▶ Description of the task: Go to the line holding "Utiliza esta cama" in the data below and repeat it exactly, then each line after it up to and including the one holding "SEK/CHF, tassi di cambio storici". Omit pictures.

(Data entries)
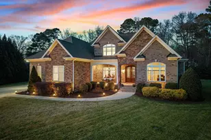 Stunning 4,072 SF custom home tucked on a quiet cul-de-sac in a beautiful small community with low taxes. Thoughtfully designed with 2 bedrooms on the main level, including a luxurious primary suite, ideal for everyday living. The main floor offers 10' ceilings, hardwood floors throughout, crown molding, wainscoting, tray ceilings, custom built-ins, a large executive office, and an oversized formal dining room perfect for entertaining. The primary suite features a spa-like bath with soaking tub, separate shower, private water closet, linen cabinetry, and an expansive walk-in closet. The living room includes a gas fireplace and flows into the chef's kitchen with a large island, 5-burner gas cooktop, walk-in pantry, butler's pantry, breakfast room, and access to the fully insulated 3-car garage. A sunroom overlooks the backyard and outdoor living spaces. Upstairs offers 9' ceilings, two additional bedrooms, a large recreation room, second laundry room, and walk-in attic storage. Enjoy exceptional outdoor living with a stone front porch, built-in saltwater pool, outdoor kitchen, firepit, patio, and brick shed for pool and lawn equipment-a rare blend of luxury, function, and location.
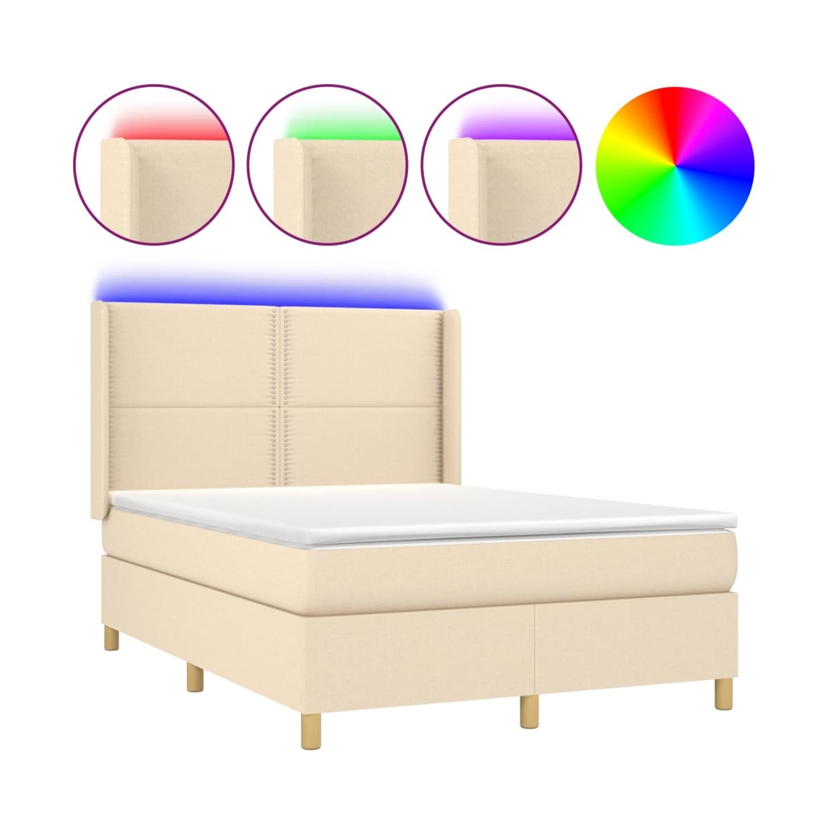 Utiliza esta cama tipo box spring con colchón y luces LED para disfrutar de un sueño reparador. Será el centro de atención del dormitorio. Material de primera calidad: La tela posee un aspecto sencillo y limpio, y es transpirable y duradera.Cabecero práctico: El cabecero de la cama es ajustable en altura según tus preferencias. El cabecero de la cama te proporciona un excelente apoyo para la espalda mientras estás sentado en la cama para leer o ver la televisión.Tira de LED de colores: Alegra la oscuridad con luces LED de colores.Colchón de muelles ensacados: El muelle ensacado individual incorporado es conocido por su altísima calidad, al tiempo que garantiza un alto nivel de durabilidad y adaptabilidad. Puede absorber eficazmente el ruido y los golpes causados por los lanzamientos y los giros.Protector de colchón respetuoso con la piel: El protector de colchón tiene una funda de tejido resistente y respetuoso con la piel, que lo hace suave y confortable. Nota: La lona impermeable no está incluidaPor razones de higiene, el colchón no puede devolverse si se ha quitado o abierto el embalaje.Únicamente puedes cortar por la parte con el símbolo de las tijeras y únicamente la parte con el USB seguirá funcionando como antes.Cada producto viene con un manual de montaje en la caja para facilitar el montaje.El producto tiene un conector USB, pero no se incluye la fuente de alimentación USB de 5 V certificada.
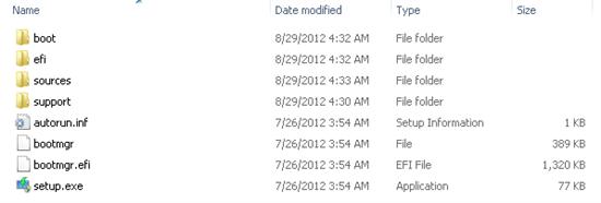 现在,您需要将文件从已安装的Windows X64安装ISO映像复制到您准备的USB闪存驱动器。例如,可以使用Windows Explorer,文件管理器或从命令行中完成此操作,例如:
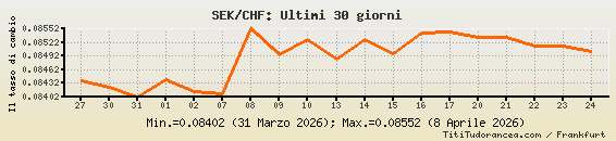 SEK/CHF, tassi di cambio storici
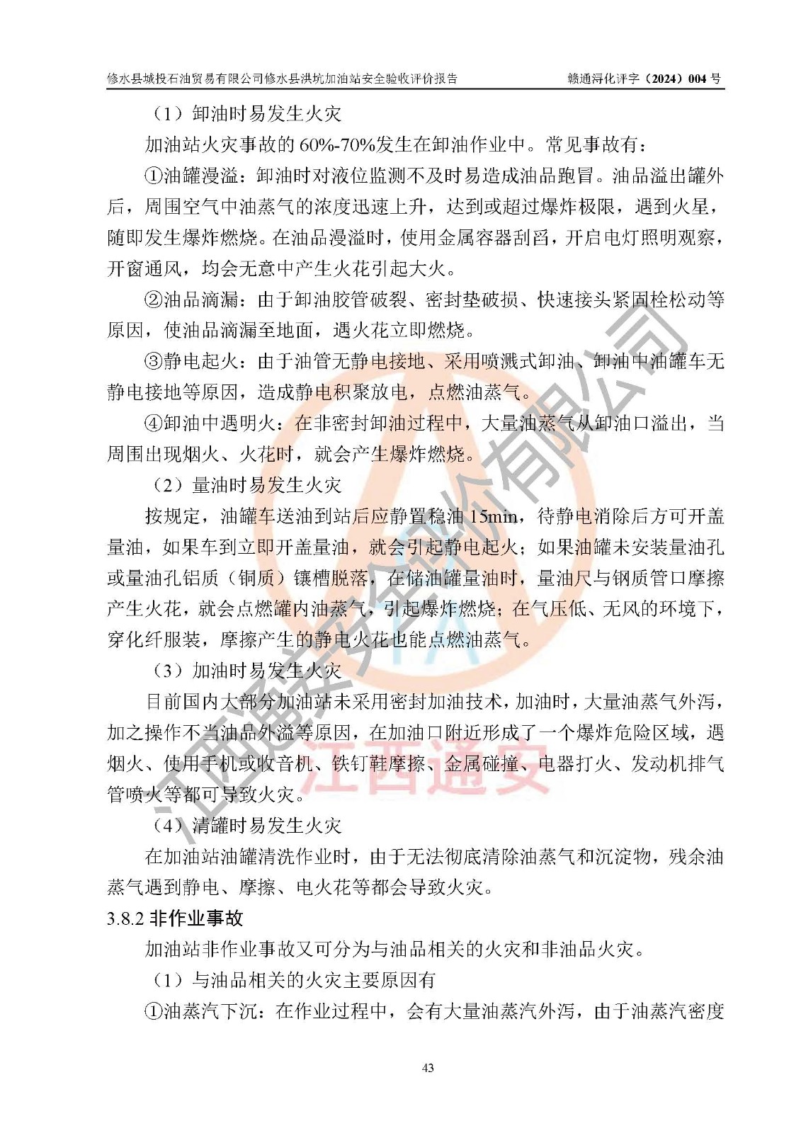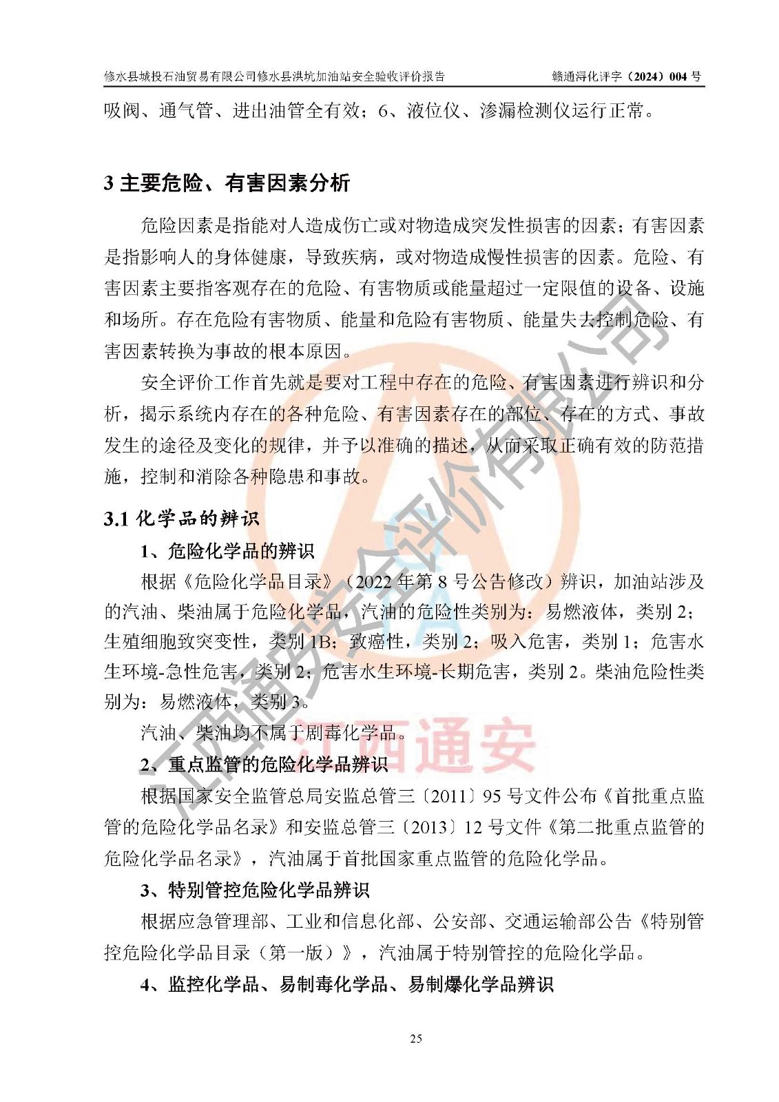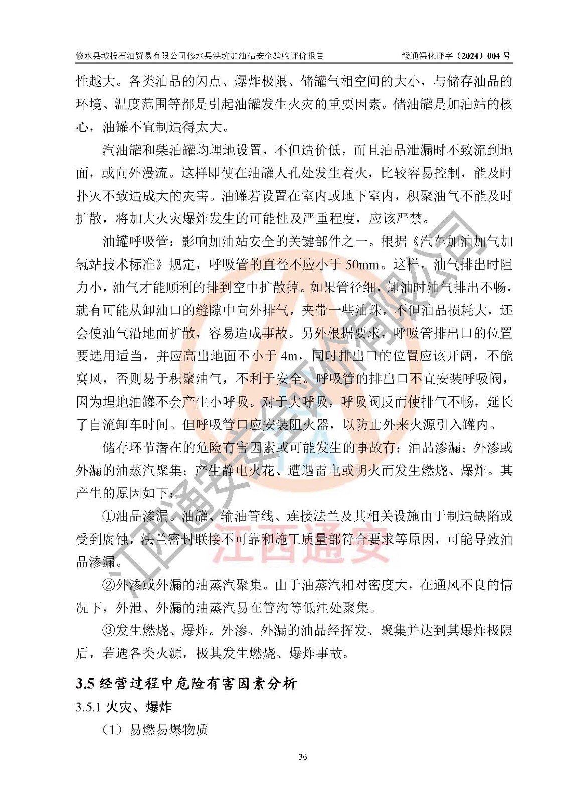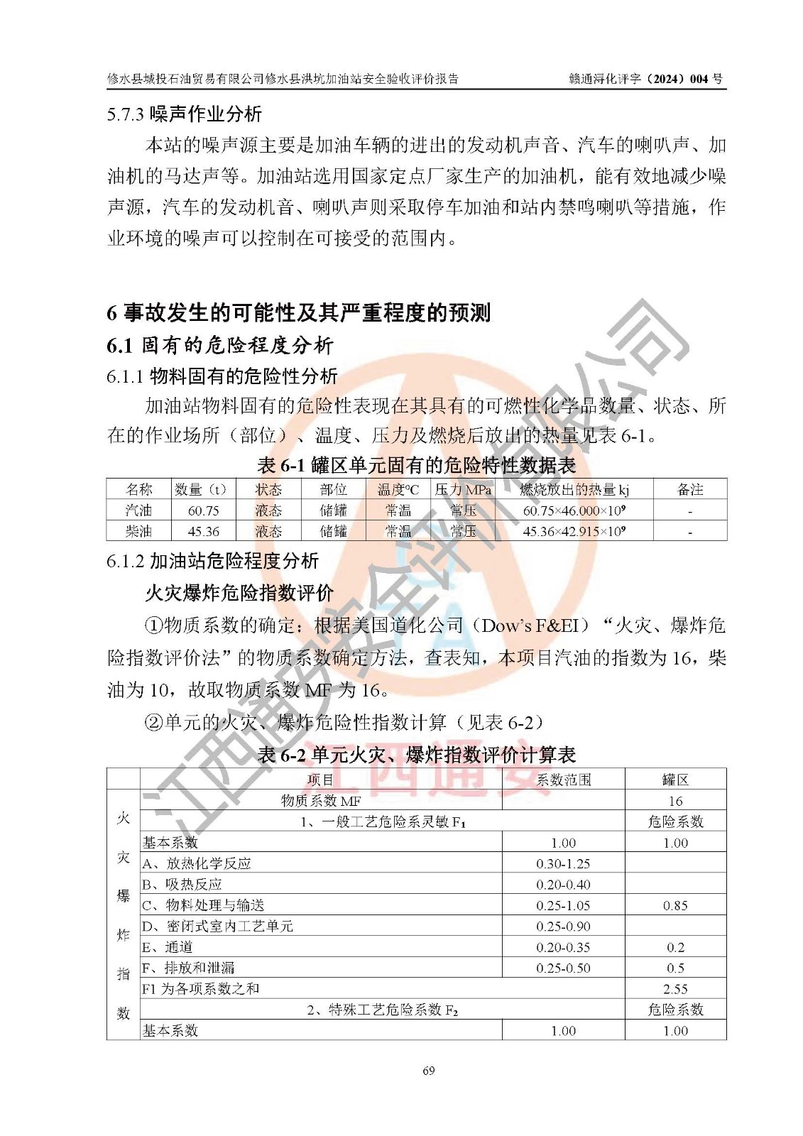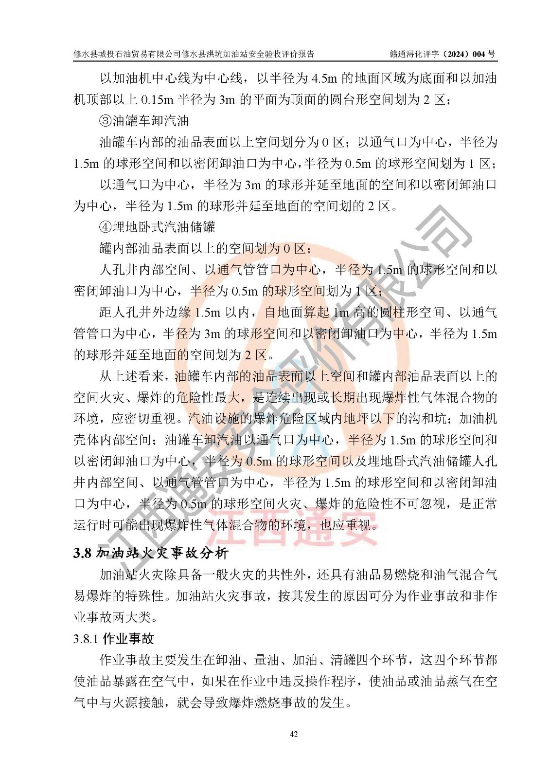 項(xiàng)目簡介 | 修水縣城投石油貿(mào)易有限公司是一家有限責(zé)任公司(非自然人投資或控股的有限責(zé)任公司),法定**人:陳炳印,經(jīng)營范圍:一般項(xiàng)目:石油制品銷售(不含危險(xiǎn)化學(xué)品),洗車服務(wù),機(jī)動(dòng)車修理和維護(hù),廣告發(fā)布,互聯(lián)網(wǎng)銷售(除銷售需要許可的商品)(除許可業(yè)務(wù)外,可自主依法經(jīng)營法律法規(guī)非禁止或限制的項(xiàng)目),注冊資本:伍仟萬元整,成立日期2021年11月03日,住所:江西省九江市修水縣義寧鎮(zhèn)洪坑村888號(hào)。 修水縣城投石油貿(mào)易有限公司依據(jù)九江市商務(wù)局加油站網(wǎng)點(diǎn)規(guī)劃確認(rèn)文件《關(guān)于對(duì)中石化江西九江修水石油分公司蘆良大道等3座新建加油站地址網(wǎng)點(diǎn)規(guī)劃確認(rèn)的通知》(九商務(wù)字〔2023〕20號(hào))在修水縣蘆良西大道北側(cè)、修水縣消防救援大隊(duì)的東側(cè)新建了修水縣洪坑加油站項(xiàng)目。 修水縣洪坑加油站用地面積2528.9m2,站內(nèi)設(shè)置有4臺(tái)雙槍潛油泵程控燃油加油機(jī)及配套的工藝管線,設(shè)埋地臥式雙層油罐5臺(tái),其中30m3的92#汽油儲(chǔ)罐2臺(tái)、30m3的95#汽油儲(chǔ)罐1臺(tái)、30m3的0#柴油儲(chǔ)罐2臺(tái),油品儲(chǔ)罐總?cè)莘e為 120m3(柴油折半),屬二級(jí)加油站。 該加油站涉及的主要物料為汽油和柴油,按**十部、局聯(lián)合公告〔2015〕第5號(hào)公告公布的《危險(xiǎn)化學(xué)品目錄》(2022年第8號(hào)公告修改),汽油和柴油屬于危險(xiǎn)化學(xué)品。根據(jù)**安全監(jiān)管總局安監(jiān)總管三〔2011〕95號(hào)文件公布《首批重點(diǎn)監(jiān)管的危險(xiǎn)化學(xué)品名錄》和應(yīng)急管理部等4部令公告第3號(hào)《特別管控危險(xiǎn)化學(xué)品目錄(**版)》,汽油屬于**重點(diǎn)監(jiān)管和特別管控的危險(xiǎn)化學(xué)品。 修水縣洪坑加油站項(xiàng)目,由四川創(chuàng)安太平科技有限公司進(jìn)行安全條件評(píng)價(jià)、江西省化學(xué)工業(yè)設(shè)計(jì)院設(shè)計(jì)(化工石化醫(yī)藥行業(yè)**、成品油儲(chǔ)運(yùn)工程乙級(jí))、江西杰宸建設(shè)工程有限公司施工(石油化工總承包叁級(jí))、監(jiān)理單位:江西華屹工程項(xiàng)目管理有限公司監(jiān)理和榮泰工程管理咨詢有限公司(工程監(jiān)理綜合資質(zhì))。2023年12月23日取得了《危險(xiǎn)化學(xué)品建設(shè)項(xiàng)目安全條件備案告之意見書》(九行審安審字〔2023〕54號(hào),2024年01月10日取得了《關(guān)于修水縣城投石油貿(mào)易有限公司修水縣洪坑加油站新建項(xiàng)目安全設(shè)施設(shè)計(jì)的審查意見》(九行審安設(shè)審字〔2024〕1號(hào),工程項(xiàng)目現(xiàn)已竣工。 依據(jù)《中華人民共和國安全生產(chǎn)法》、《危險(xiǎn)化學(xué)品建設(shè)項(xiàng)目安全監(jiān)督管理辦法〔2015年修訂〕(安監(jiān)總局令第45號(hào))、《危險(xiǎn)化學(xué)品經(jīng)營許可證管理辦法》(安監(jiān)總局第55號(hào)令)等規(guī)定的要求,新建、改建、擴(kuò)建危險(xiǎn)化學(xué)品安全設(shè)施應(yīng)與主體工程同時(shí)設(shè)計(jì)、同時(shí)施工、同時(shí)投入使用。為檢查加油站新建項(xiàng)目的安全設(shè)施與主體工程是否“三同時(shí)”和在安全經(jīng)營及安全管理方面是否符合**及行業(yè)有關(guān)法律法規(guī)及標(biāo)準(zhǔn)。為**工程項(xiàng)目在安全生產(chǎn)及安全管理方面符合**及行業(yè)有關(guān)法律法規(guī)及標(biāo)準(zhǔn),修水縣洪坑加油站委托江西通安安全評(píng)價(jià)有限公司承擔(dān)該項(xiàng)目的安全驗(yàn)收評(píng)價(jià),為加油站新建項(xiàng)目竣工驗(yàn)收做安全技術(shù)準(zhǔn)備。 江西通安安全評(píng)價(jià)有限公司接受委托后,組織了評(píng)價(jià)組;依據(jù)《安全評(píng)價(jià)通則》(AQ8001-2007)和《安全驗(yàn)收評(píng)價(jià)導(dǎo)則》(AQ8003-2007)的要求,在收集項(xiàng)目相關(guān)的安全對(duì)策措施的具體設(shè)計(jì)、安裝施工情況等資料的基礎(chǔ)上,評(píng)價(jià)組于2023年11月進(jìn)行了現(xiàn)場勘查,對(duì)該項(xiàng)目在設(shè)計(jì)中安全生產(chǎn)保障等內(nèi)容的實(shí)施情況和相關(guān)對(duì)策措施建議的落實(shí)情況和安全設(shè)施、設(shè)備、裝置投入運(yùn)營和使用的情況、安全生產(chǎn)管理措施到位情況、安全生產(chǎn)規(guī)章制度建立健全情況、事故應(yīng)急預(yù)案建立等情況進(jìn)行了檢查,提出加油站現(xiàn)場存在的安全隱患及整改建議。根據(jù)企業(yè)提供的資料,在危險(xiǎn)、有害因素分析基礎(chǔ)上,根據(jù)加油站加油作業(yè)工藝程序、站區(qū)內(nèi)功能區(qū)域特點(diǎn),劃分了評(píng)價(jià)單元;對(duì)劃分的評(píng)價(jià)單元及單元內(nèi)的危險(xiǎn)、有害因素選擇了相應(yīng)的安全評(píng)價(jià)方法逐項(xiàng)進(jìn)行分析、評(píng)價(jià),提出相應(yīng)的預(yù)防和控制對(duì)策措施;在與企業(yè)溝通后編制完成了安全驗(yàn)收評(píng)價(jià)報(bào)告,經(jīng)評(píng)價(jià)公司內(nèi)部五級(jí)審核程序,及加油站現(xiàn)場存在的安全隱患**落實(shí)整改后出具《修水縣洪坑加油站安全驗(yàn)收評(pí

▶ Output for this task:
 Utiliza esta cama tipo box spring con colchón y luces LED para disfrutar de un sueño reparador. Será el centro de atención del dormitorio. Material de primera calidad: La tela posee un aspecto sencillo y limpio, y es transpirable y duradera.Cabecero práctico: El cabecero de la cama es ajustable en altura según tus preferencias. El cabecero de la cama te proporciona un excelente apoyo para la espalda mientras estás sentado en la cama para leer o ver la televisión.Tira de LED de colores: Alegra la oscuridad con luces LED de colores.Colchón de muelles ensacados: El muelle ensacado individual incorporado es conocido por su altísima calidad, al tiempo que garantiza un alto nivel de durabilidad y adaptabilidad. Puede absorber eficazmente el ruido y los golpes causados por los lanzamientos y los giros.Protector de colchón respetuoso con la piel: El protector de colchón tiene una funda de tejido resistente y respetuoso con la piel, que lo hace suave y confortable. Nota: La lona impermeable no está incluidaPor razones de higiene, el colchón no puede devolverse si se ha quitado o abierto el embalaje.Únicamente puedes cortar por la parte con el símbolo de las tijeras y únicamente la parte con el USB seguirá funcionando como antes.Cada producto viene con un manual de montaje en la caja para facilitar el montaje.El producto tiene un conector USB, pero no se incluye la fuente de alimentación USB de 5 V certificada.
 现在,您需要将文件从已安装的Windows X64安装ISO映像复制到您准备的USB闪存驱动器。例如,可以使用Windows Explorer,文件管理器或从命令行中完成此操作,例如:
 SEK/CHF, tassi di cambio storici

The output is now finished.